[Recorded data]
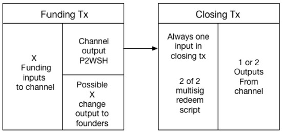 Channel graph with funding and closing transactions.
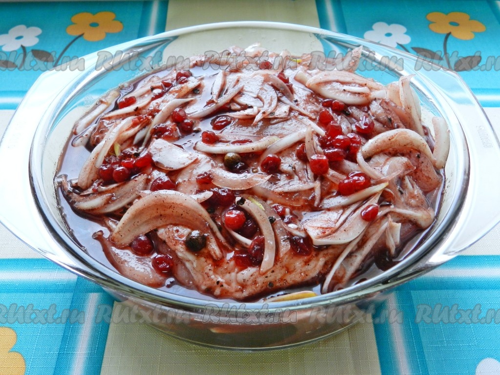 Этим брусничным маринадом залить свинину и оставить на сутки в холодильнике.
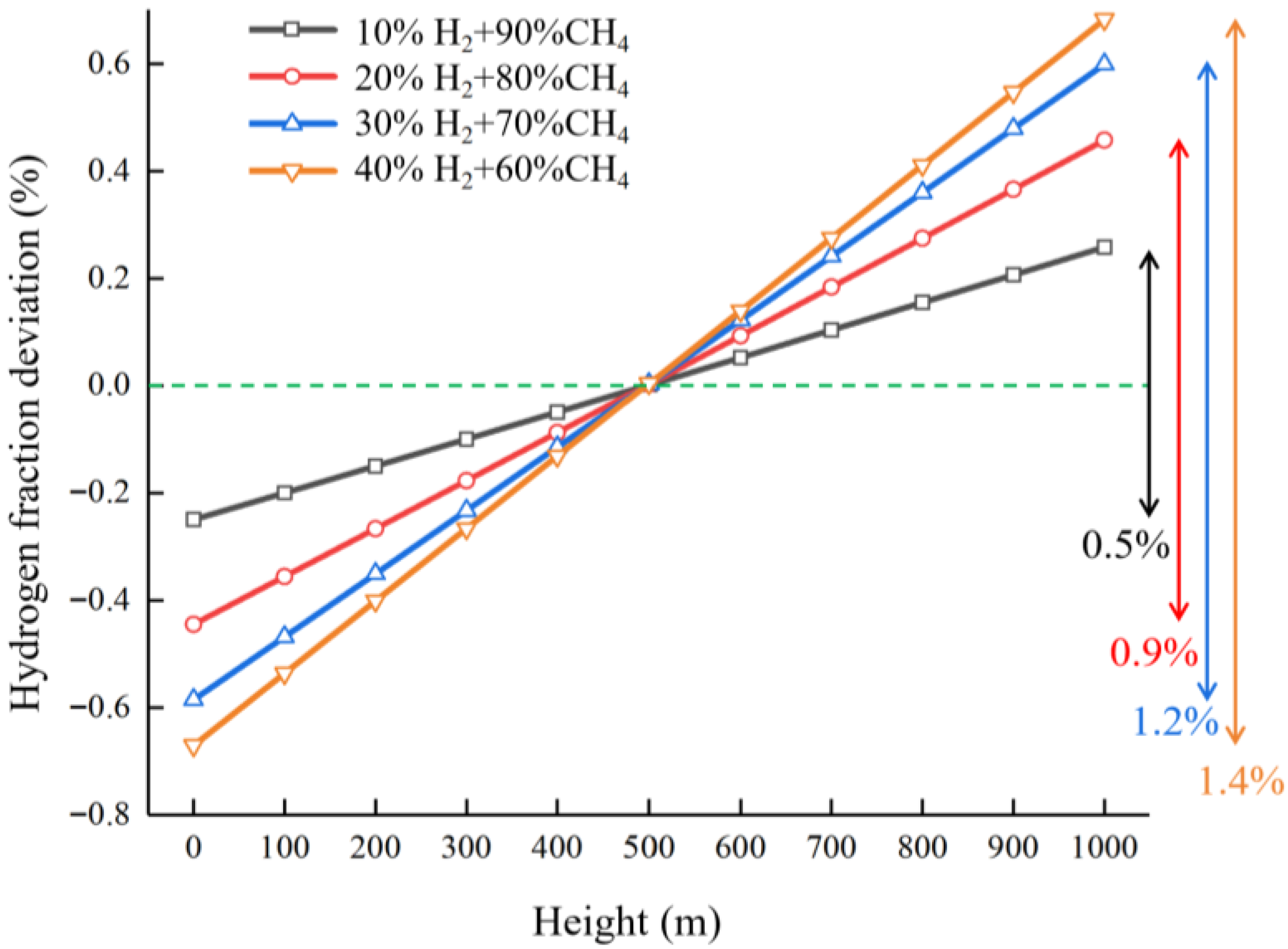 - Cen, K.; Su, L.; Wen, Y.; Song, B.; Zeng, Z.; Li, L.; Li, Q. Stratification characteristics of hydrogen-blended natural gas for gas risers inside residential users. Int. J. Green Energy 2024, 21, 3201–3217. [Google Scholar] [CrossRef]
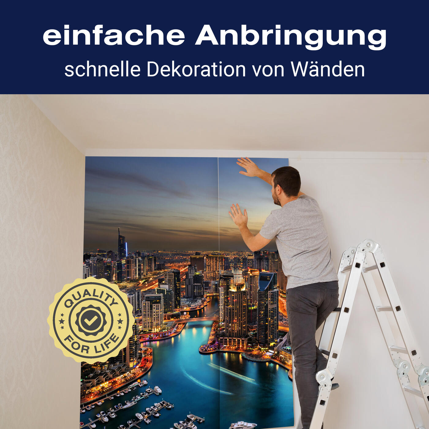 Träumst Du davon, Deine Wände in eine beeindruckende Kunstgalerie zu verwandeln? Mit unserer hochwertigen Fototapete Skyline Dubai Nacht Hafen M6709 ist es jetzt möglich! Jede Wand wird zu einer Leinwand Deiner Kreativität.
[/Recorded data]
What you will do => Print, exactly, each line above from the one with "Этим брусничным маринадом" to the one with "- Cen, K.; Su, L.;", end lines included. Leave pictures out of it.

Response =>
 Этим брусничным маринадом залить свинину и оставить на сутки в холодильнике.
 - Cen, K.; Su, L.; Wen, Y.; Song, B.; Zeng, Z.; Li, L.; Li, Q. Stratification characteristics of hydrogen-blended natural gas for gas risers inside residential users. Int. J. Green Energy 2024, 21, 3201–3217. [Google Scholar] [CrossRef]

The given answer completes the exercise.